The answer must restate the listing word for word, without its images.

§ Source material
>>>>

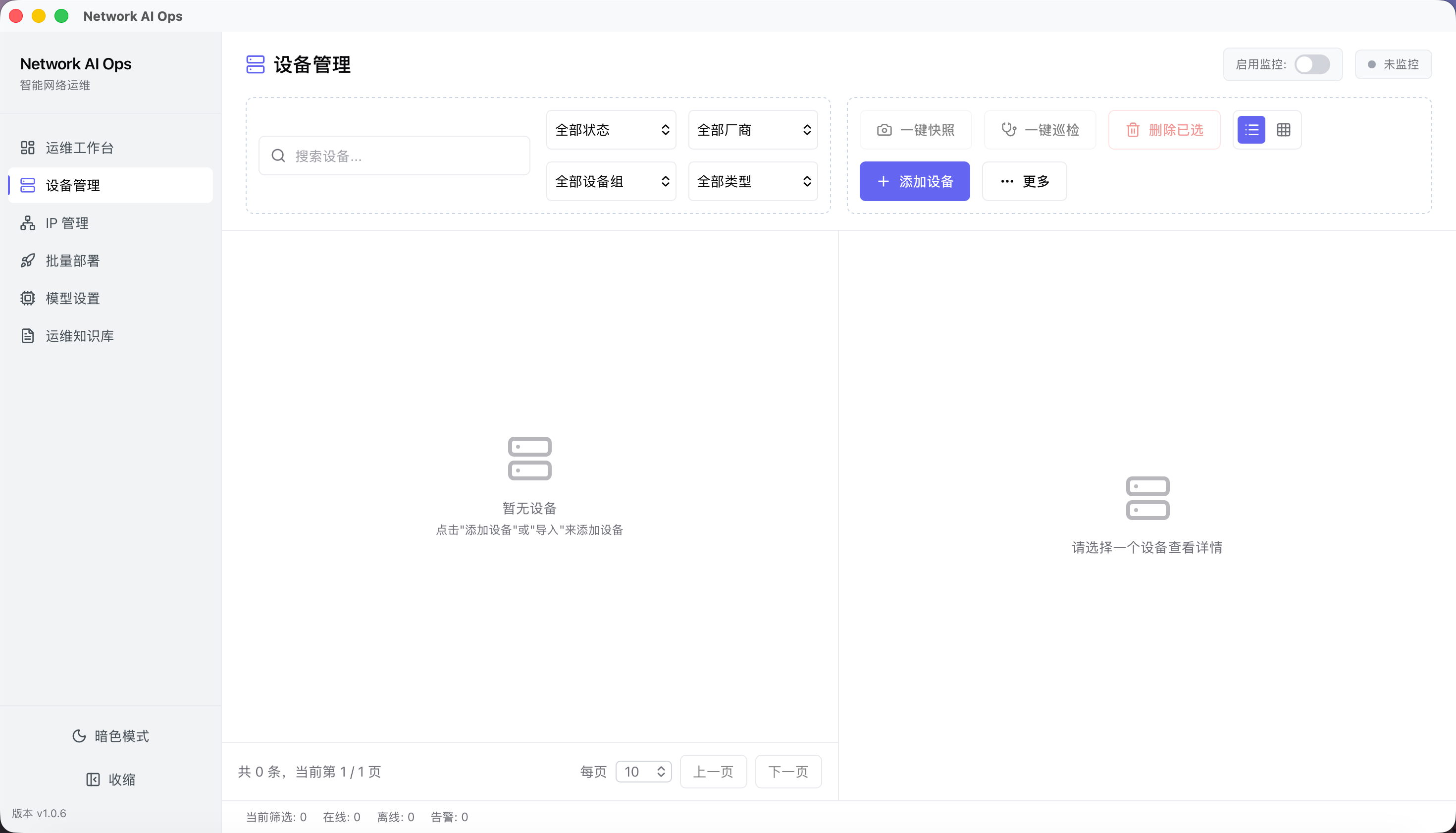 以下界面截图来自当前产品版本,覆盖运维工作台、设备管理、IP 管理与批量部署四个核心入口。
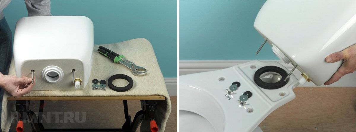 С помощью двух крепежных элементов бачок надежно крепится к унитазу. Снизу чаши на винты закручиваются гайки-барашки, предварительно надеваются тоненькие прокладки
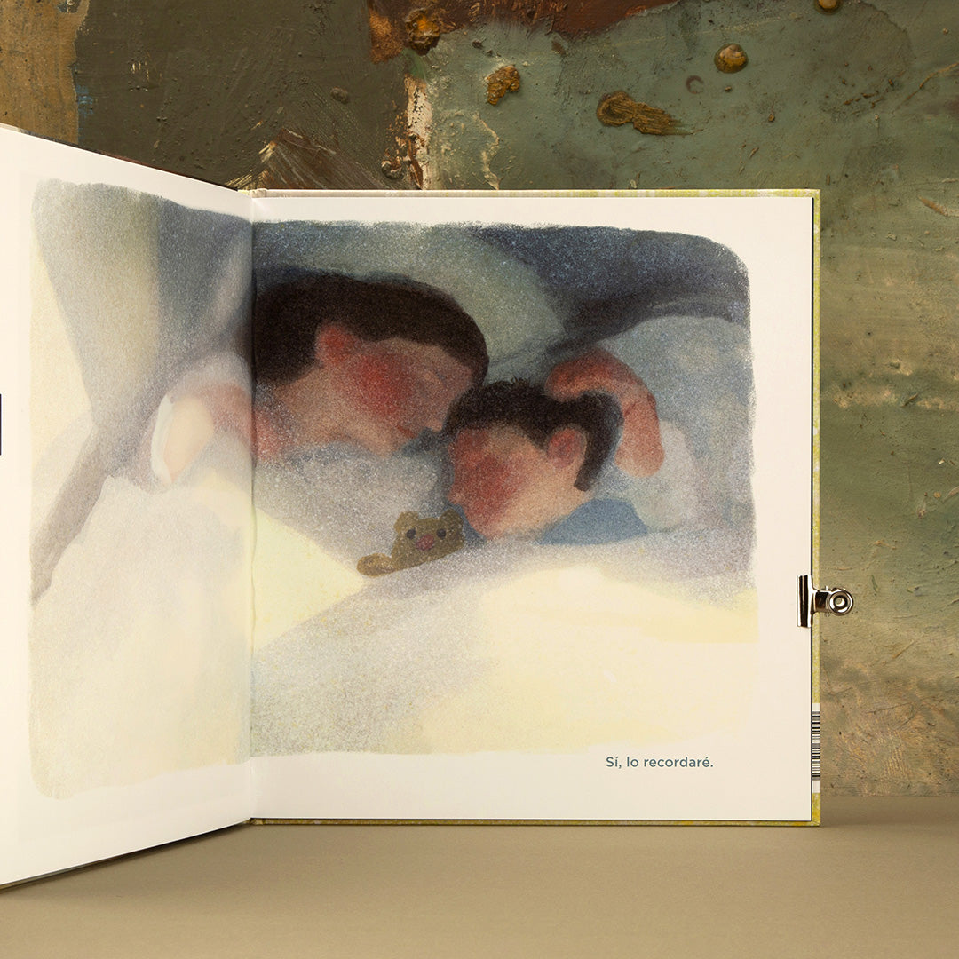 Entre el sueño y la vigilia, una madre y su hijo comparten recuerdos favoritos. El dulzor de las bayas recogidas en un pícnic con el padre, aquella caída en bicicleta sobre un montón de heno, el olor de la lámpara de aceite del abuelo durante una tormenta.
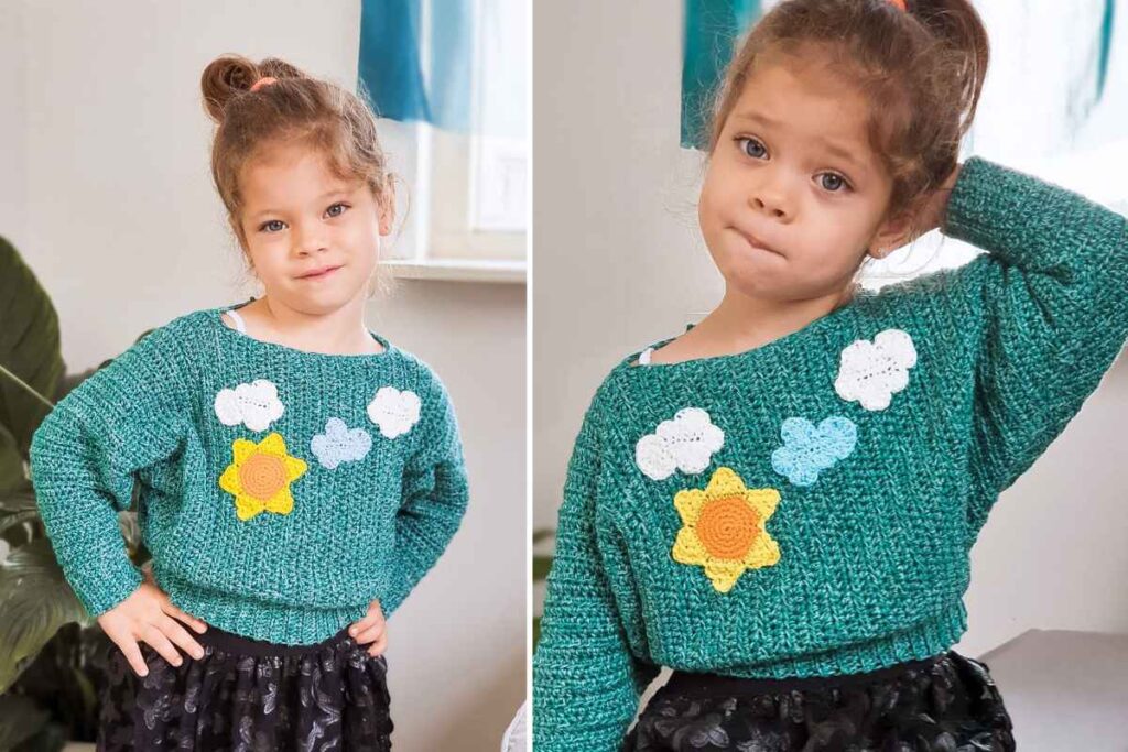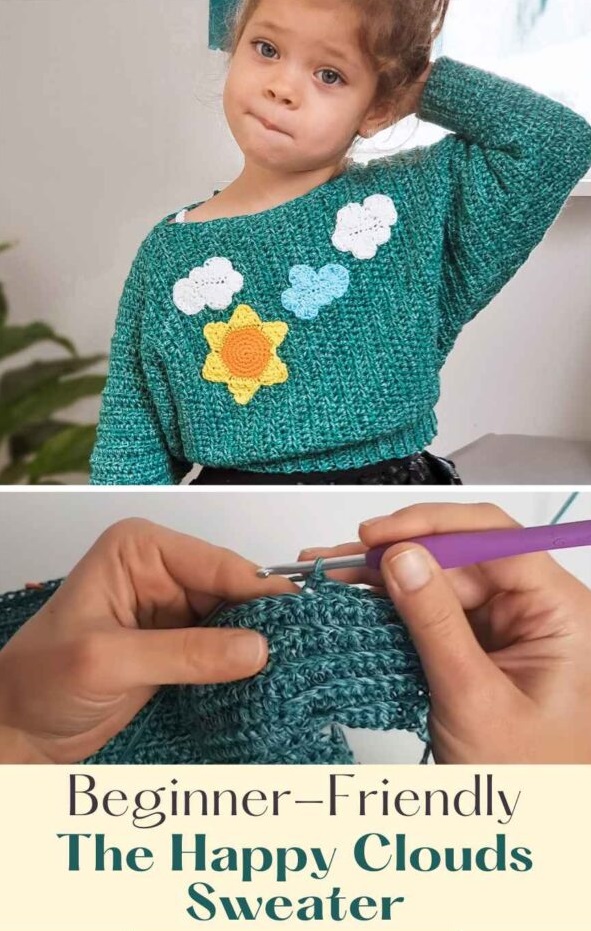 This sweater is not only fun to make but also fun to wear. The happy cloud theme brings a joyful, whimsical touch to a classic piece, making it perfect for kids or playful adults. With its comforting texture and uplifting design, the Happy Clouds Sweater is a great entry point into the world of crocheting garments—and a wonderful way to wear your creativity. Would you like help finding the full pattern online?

<<<<

§ Solution
 以下界面截图来自当前产品版本,覆盖运维工作台、设备管理、IP 管理与批量部署四个核心入口。
 С помощью двух крепежных элементов бачок надежно крепится к унитазу. Снизу чаши на винты закручиваются гайки-барашки, предварительно надеваются тоненькие прокладки
 Entre el sueño y la vigilia, una madre y su hijo comparten recuerdos favoritos. El dulzor de las bayas recogidas en un pícnic con el padre, aquella caída en bicicleta sobre un montón de heno, el olor de la lámpara de aceite del abuelo durante una tormenta.
 This sweater is not only fun to make but also fun to wear. The happy cloud theme brings a joyful, whimsical touch to a classic piece, making it perfect for kids or playful adults. With its comforting texture and uplifting design, the Happy Clouds Sweater is a great entry point into the world of crocheting garments—and a wonderful way to wear your creativity. Would you like help finding the full pattern online?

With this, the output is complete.